Figure 2: Attack success rates for 20 threat categories and all eight models. Malicious code generation shows consistently high rates (3.1% to 43.1%), while pattern extraction attempts show near zero success, except for Microsoft Phi-4. Source: Cisco AI Defense.
Security as a key to driving AI adoption
Sampath views security not as an obstacle but as the mechanism that enables adoption: "The way enterprise security leaders think about this question is: “I want to unleash the productivity of all my users. Everyone is clamoring to use these tools. But I need good security barriers because I don’t want to show up in a Wall Street Journal piece,’" he told VentureBeat.

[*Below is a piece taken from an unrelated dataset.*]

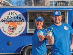 The bold blue trailer, easily recognizable to Evansville residents as the JB’s Barnyard ice cream truck, had been parked Downtown for only 20 minutes when a line began to form. While owners Briley and Jared Simpkins were visiting for an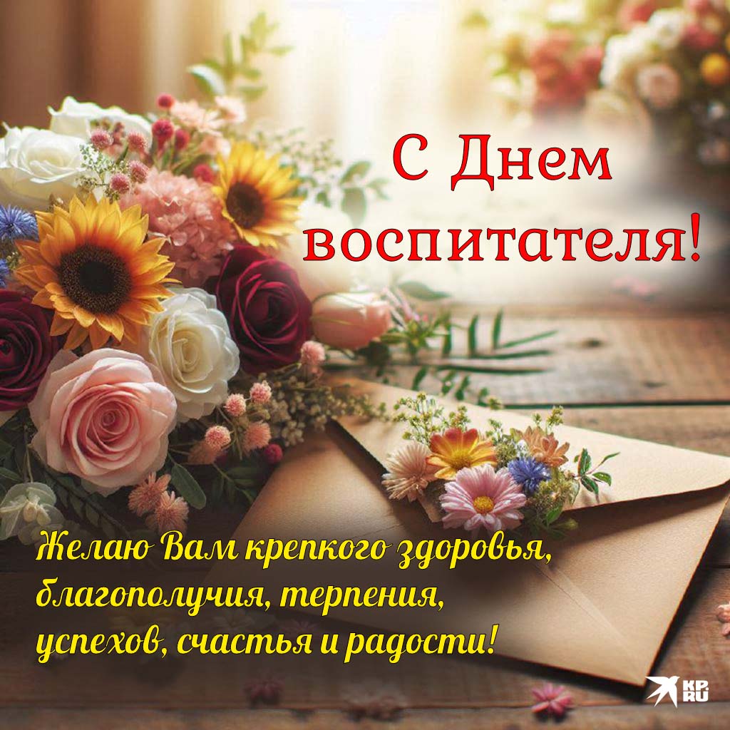 С Днем воспитателя! Пусть ваши дни будут наполнены радостью, а дети всегда удивляют вас своей искренностью и открытостью. Ведь именно вы, как первые учителя, закладываете основы будущего. Ваш труд неоценим, и мы благодарны за все, что вы делаете! Пусть вам всегда сопутствует удача, а работа приносит радость и удовлетворение. Открытки на День воспитателя.

Sampath continued, "If we have the ability to detect rapid injection attacks and block them, then I will be able to unlock and trigger the adoption of AI in a fundamentally different way."
What the defense needs
The study highlights six essential capabilities that businesses should prioritize:
-
Contextual guardrails that maintain state throughout conversations
-
Model-independent runtime protections
-
Continuous red-teaming targeting multi-turn strategies
-
Hardened system prompts designed to resist instruction overwriting
-
Comprehensive logging for forensic visibility
-
Threat-specific mitigations for the top 15 sub-threat categories identified in the research
The action window
Sampath warns against waiting: "Many people are in this waiting situation, waiting for AI to take hold. That’s not the right way to think about things. Every two weeks something dramatic happens that resets this framework. Choose a partner and start doubling down."
As the authors of the report conclude: "The 2-10x superiority of multi-turn attacks over single-turn attacks, model-specific weaknesses, and high-risk threat models require urgent action."
To repeat: one prompt is blocked, 10 prompts are passed. This equation won’t change until companies stop testing single-round defenses and start securing entire conversations.